- How to complete this task
Print the data below exactly, but only the lines from the one containing "Minden más az" down to the one containing "Vibrant Tulip Pattern", inclusive.

- Provided data
----------

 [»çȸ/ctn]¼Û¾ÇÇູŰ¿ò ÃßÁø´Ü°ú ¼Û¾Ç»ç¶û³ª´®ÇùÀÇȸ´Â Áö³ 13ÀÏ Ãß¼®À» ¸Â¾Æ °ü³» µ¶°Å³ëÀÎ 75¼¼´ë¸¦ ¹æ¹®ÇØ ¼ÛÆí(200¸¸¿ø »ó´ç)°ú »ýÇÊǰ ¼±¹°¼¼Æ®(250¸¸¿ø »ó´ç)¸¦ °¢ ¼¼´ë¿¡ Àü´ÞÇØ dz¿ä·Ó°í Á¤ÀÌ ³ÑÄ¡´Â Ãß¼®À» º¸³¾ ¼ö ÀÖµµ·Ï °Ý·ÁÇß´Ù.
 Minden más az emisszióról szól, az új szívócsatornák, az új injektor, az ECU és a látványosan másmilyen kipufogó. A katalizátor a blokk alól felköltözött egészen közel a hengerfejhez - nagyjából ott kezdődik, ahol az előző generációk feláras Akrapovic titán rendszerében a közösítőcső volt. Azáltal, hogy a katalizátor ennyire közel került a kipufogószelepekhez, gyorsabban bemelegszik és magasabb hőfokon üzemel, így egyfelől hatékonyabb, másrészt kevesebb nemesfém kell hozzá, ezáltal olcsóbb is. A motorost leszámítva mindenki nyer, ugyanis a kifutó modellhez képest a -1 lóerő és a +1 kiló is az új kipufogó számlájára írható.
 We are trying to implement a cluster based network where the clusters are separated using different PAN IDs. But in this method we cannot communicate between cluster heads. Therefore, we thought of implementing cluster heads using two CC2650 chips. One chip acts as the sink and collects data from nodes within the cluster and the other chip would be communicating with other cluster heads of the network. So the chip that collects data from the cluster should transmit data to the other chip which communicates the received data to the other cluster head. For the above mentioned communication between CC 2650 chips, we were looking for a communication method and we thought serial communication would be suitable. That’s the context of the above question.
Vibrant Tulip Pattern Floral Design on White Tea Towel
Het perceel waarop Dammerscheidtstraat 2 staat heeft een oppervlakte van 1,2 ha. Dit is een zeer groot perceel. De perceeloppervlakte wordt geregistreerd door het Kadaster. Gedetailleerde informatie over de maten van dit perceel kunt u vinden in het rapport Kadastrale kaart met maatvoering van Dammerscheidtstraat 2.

----------

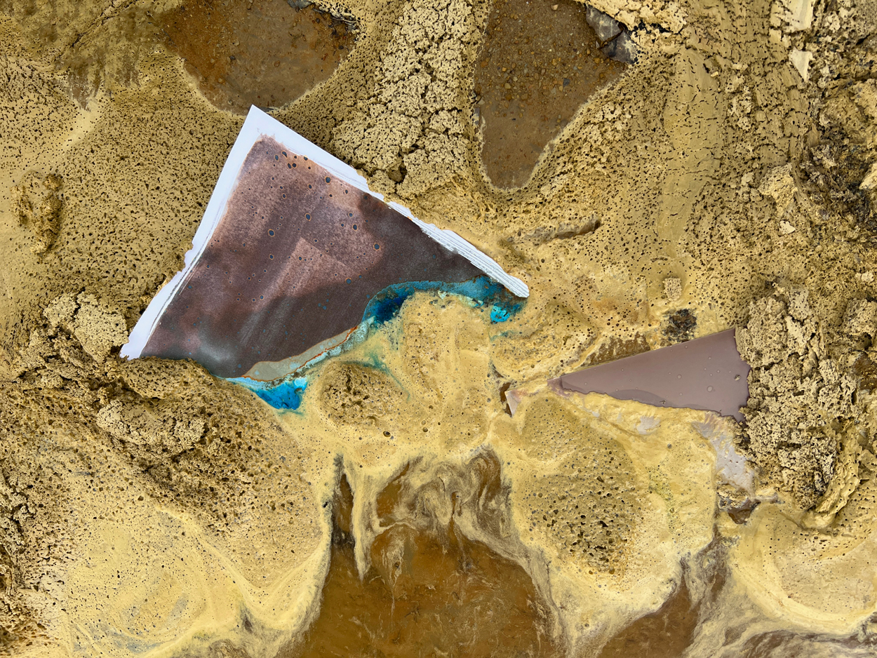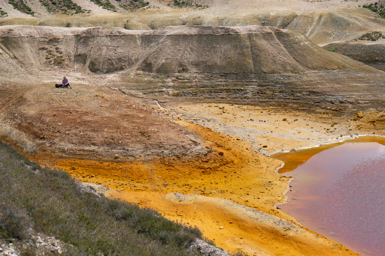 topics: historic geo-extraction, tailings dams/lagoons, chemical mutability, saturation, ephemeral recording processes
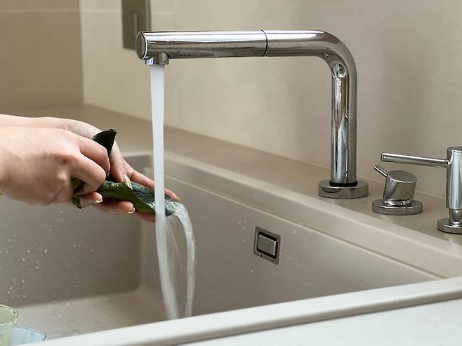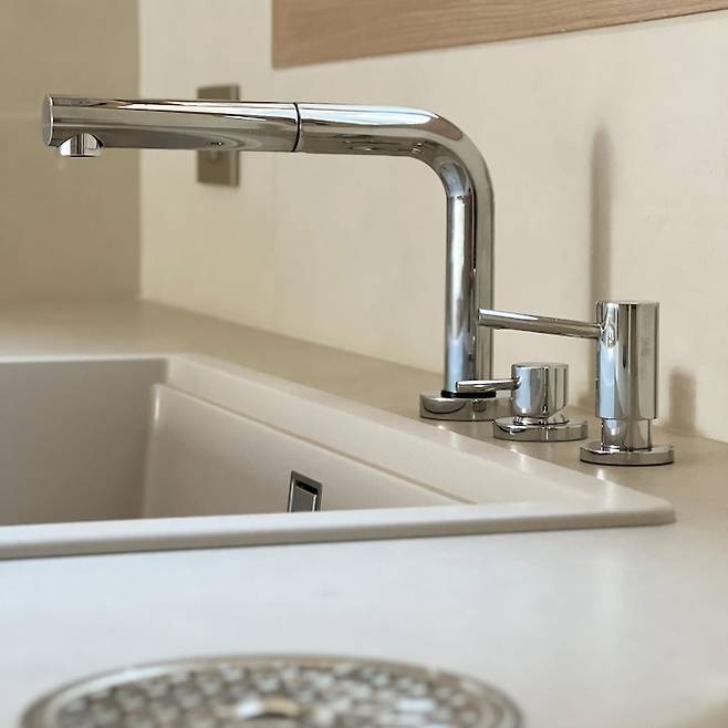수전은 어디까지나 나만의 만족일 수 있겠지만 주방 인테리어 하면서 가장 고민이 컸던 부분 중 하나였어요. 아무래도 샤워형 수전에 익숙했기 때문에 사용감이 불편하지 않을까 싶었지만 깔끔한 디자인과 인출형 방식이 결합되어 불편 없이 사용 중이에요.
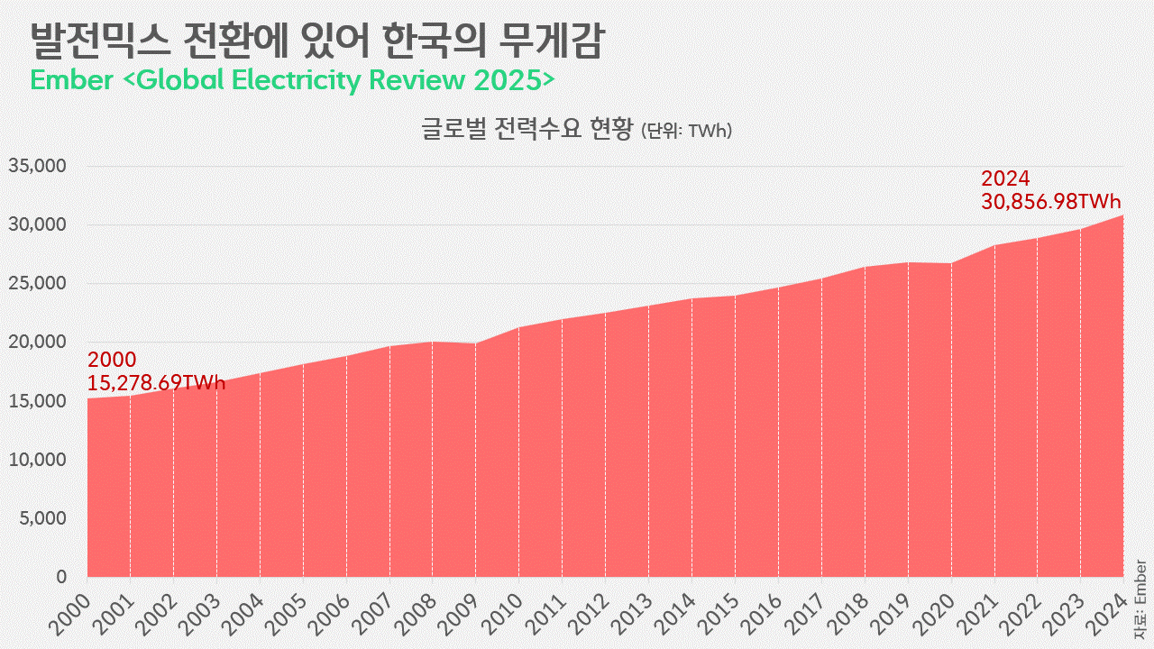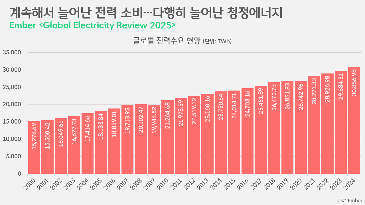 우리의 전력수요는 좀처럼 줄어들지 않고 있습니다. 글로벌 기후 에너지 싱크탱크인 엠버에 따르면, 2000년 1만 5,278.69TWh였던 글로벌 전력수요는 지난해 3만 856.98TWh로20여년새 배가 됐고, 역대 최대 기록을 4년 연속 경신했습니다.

----------

- Answer to this problem
 Minden más az emisszióról szól, az új szívócsatornák, az új injektor, az ECU és a látványosan másmilyen kipufogó. A katalizátor a blokk alól felköltözött egészen közel a hengerfejhez - nagyjából ott kezdődik, ahol az előző generációk feláras Akrapovic titán rendszerében a közösítőcső volt. Azáltal, hogy a katalizátor ennyire közel került a kipufogószelepekhez, gyorsabban bemelegszik és magasabb hőfokon üzemel, így egyfelől hatékonyabb, másrészt kevesebb nemesfém kell hozzá, ezáltal olcsóbb is. A motorost leszámítva mindenki nyer, ugyanis a kifutó modellhez képest a -1 lóerő és a +1 kiló is az új kipufogó számlájára írható.
 We are trying to implement a cluster based network where the clusters are separated using different PAN IDs. But in this method we cannot communicate between cluster heads. Therefore, we thought of implementing cluster heads using two CC2650 chips. One chip acts as the sink and collects data from nodes within the cluster and the other chip would be communicating with other cluster heads of the network. So the chip that collects data from the cluster should transmit data to the other chip which communicates the received data to the other cluster head. For the above mentioned communication between CC 2650 chips, we were looking for a communication method and we thought serial communication would be suitable. That’s the context of the above question.
Vibrant Tulip Pattern Floral Design on White Tea Towel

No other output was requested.